*Post by b***@gmail.com*So whats the difference between D = lim_n->oo D_n where

e = sqrt(2) - D

e <> 0

Is this the case for the reals or not. And if it is the case,

what is this e exactly? Do we have e^2 = 0?

*Post by b***@gmail.com*Well D = 1.41421356237... is a limes its the same as your arithmo-

1

1 2

1 2 3

1 2 3 4

...

D is the limes of all chop chops D_n, i.e. D_1 = 1.4, D_2 =1.41, ..

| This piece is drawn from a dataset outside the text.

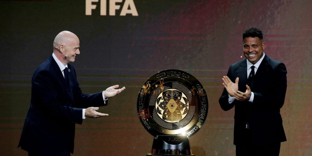 Quem também participou do evento foi o ex-atacante da seleção brasileira Ronaldo Fenômeno, que apresentou ao lado de Infantino o troféu do novo Mundial. Idealizada por uma joalheria de luxo norte-americana, a peça de ouro de 24 quilates imagens da história do futebol e os nomes dos 211 países membros da Fifa. Seu formato redondo simula o sistema solar no dia da abertura da competição (15 de junho).
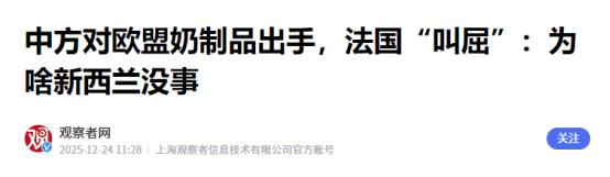 欧盟很恼火:我只是给中国电车加了点税,中国干嘛对我发起反制?   先说说欧盟怎么“先动手”的。这事儿得追溯到2023年9月,欧盟委员会主席冯德莱恩在国情咨文里一嗓子,宣布要对中国电动汽车发起反补贴调查,理由是“中国电车靠补贴抢占欧洲市场”。   折腾了一年多,到2024年10月,欧盟正式拍板:对中国电池电动车征收五年反补贴税,比亚迪要交17%,上汽更是被课以35.3%的重税,没配合调查的企业直接按最高35.3%算。   这哪是“加了点税”,分明是给中国电车出口欧洲设了道高门槛——要知道中国去年出口的128万辆电动车里,欧洲可是重要市场,这么一来不少企业订单直接黄了。 更有意思的是法国在里头的角色。   马克龙政府一直是对华电车关税的“急先锋”,毕竟法国本土汽车业在电动车赛道落后不少,想靠关税把中国车挡在门外。今年12月初马克龙刚访华时还聊合作,回国没几天就放话“中欧贸易不平衡,要用电税和反胁迫工具对付中国”,活脱脱一副“谈不拢就翻脸”的架势。   法国这波操作,等于是把欧盟的贸易大棒递到了最前面,也给自己埋下了隐患。 中国的反制来得不快但够准。2025年12月23日,商务部一纸公告砸下来:对原产于欧盟的相关乳制品加征21.9%到42.7%的临时反补贴税,当天就生效。   别以为“相关乳制品”是泛泛而谈,清单里全是欧盟的强项:鲜乳酪、加工奶酪、蓝纹乳酪,连脂肪含量超10%的稀奶油都算在内,法国大名鼎鼎的罗克福蓝纹奶酪、卡芒贝尔软质奶酪全在里面。   更耐人寻味的是抽样的15家企业里,12家是法国公司,等于精准瞄准了法国 dairy 行业的“七寸”。 为啥偏偏盯着法国打?看数据就懂了。欧盟的乳制品补贴早就是公开的秘密,靠着“共同农业政策”,欧洲奶农每年能拿到巨额补贴,这些钱最终都变成了低价出口的奶酪和奶油。   而法国在其中占了大头——虽然2025年前8个月法国对中国乳制品出口同比降了24.2%,但架不住它是欧盟里推动贸易保护最积极的,不打它打谁?   商务部调查时发现,这些补贴乳制品涌入中国后,国内乳企库存越堆越多,原本盈利的企业直接转亏,实实在在造成了损害,反制完全是按规矩办事。 欧盟的反应堪称“双重标准现场教学”。   欧盟贸易发言人奥洛夫·吉尔立马跳出来喊冤,说中国调查“证据不足”,是“关系负面升级”,还放话要向WTO申诉。可当初他们给中国电车加税时,咋不说自己证据有问题?   那时欧盟委员会贸易专员还理直气壮宣称“是为了创造公平环境”,合着只许他们给别人立规矩,不许别人还手?更讽刺的是,中国这次反制特意绕开了婴儿配方奶粉,这可是欧洲出口商的高利润业务,等于留了余地,可欧盟连这点都视而不见。   这里得说句公道话,中国的反制从来不是“意气用事”。从2024年8月立案调查开始,商务部走了全套流程:发问卷、开听证会、去欧盟企业实地核查,连欧盟政府的意见都充分听了,完全符合WTO规则和中国法律。   反观欧盟对中国电车的调查,不少数据都是“预估”,连经合组织都承认,中国电车的优势更多来自完整产业链和国内大市场,不全是补贴的功劳。荣鼎集团更算出,欧盟得把关税加到40%-50%才能挡住中国电车,现在这点税根本没用,纯粹是给自己找不痛快。   法国现在算是尝到苦果了。被点名的12家法国企业里,不少是百年老店,靠出口中国市场撑着业绩。加税后这些奶酪在国内的价格得涨一大截,原本一块卡芒贝尔奶酪卖50块,加税后可能要奔70去了,消费者肯定会转买新西兰、澳大利亚的奶酪。   要知道中国前10个月进口的15.6万吨奶酪里,新西兰占了60%以上,欧盟才14.5%,少了法国奶酪根本不愁没替代品。法国乳制品协会已经急得跳脚,说这会“摧毁多年的市场布局”,可早当初推动电车关税时,他们咋没想过今天? 中国从来不怕贸易摩擦,但也不会主动挑事,这次反制乳制品,本质上是“以其人之道还治其人之身”,告诉欧盟:贸易得讲规矩,想单方面占便宜?没门。 接下来的戏码不难猜:欧盟大概率会接着在WTO吵,但最终还是得坐下来谈。   毕竟中国是欧盟乳制品的重要市场,真把关系闹僵,受损的是欧洲农民;而欧盟的电车市场也离不开中国的产品和技术,硬扛下去只会两败俱伤。马克龙要是聪明点,就该少点“威胁”,多点“协商”,毕竟贸易不是零和游戏,把别人逼急了,自己也讨不到好。   说到底,欧盟的“恼火”更像是“理亏后的撒泼”。要是真觉得“加税没错”,就该坦然接受反制;要是想好好做生意,就得放下贸易保护的架子。这世上哪有“只许我对你加税,不许你对我反制”的道理?欧盟要是想不明白这点,以后类似的“恼火”恐怕还少不了。

etc.. I didnt ask for sqrt(2) <> D_n, everybody knows that

sqrt(2) <> D_n, because sqrt(2) is irrational.

*Post by WM**Post by b***@gmail.com*So sqrt(2) = 1.41421356237... + e,

e depends on how many digits you use. But it can only be estimated, not calculated, because sqrt(2) has no decimal representation.

Example: In sqrt(2) = 1.4, e > 0.01421356237.

Regards, WM

Burr...

Had you ever asked your so selly self, what is the largest rational number that is less than sqrt(2),

Or similarly, Had you ever asked your so tiny self, what is the least rational number that is greater than sqrt(2),

Of course, it is more than trivial to see and confess openly that those (greatest, or least) rational numbers do not not exist, do they? wonder!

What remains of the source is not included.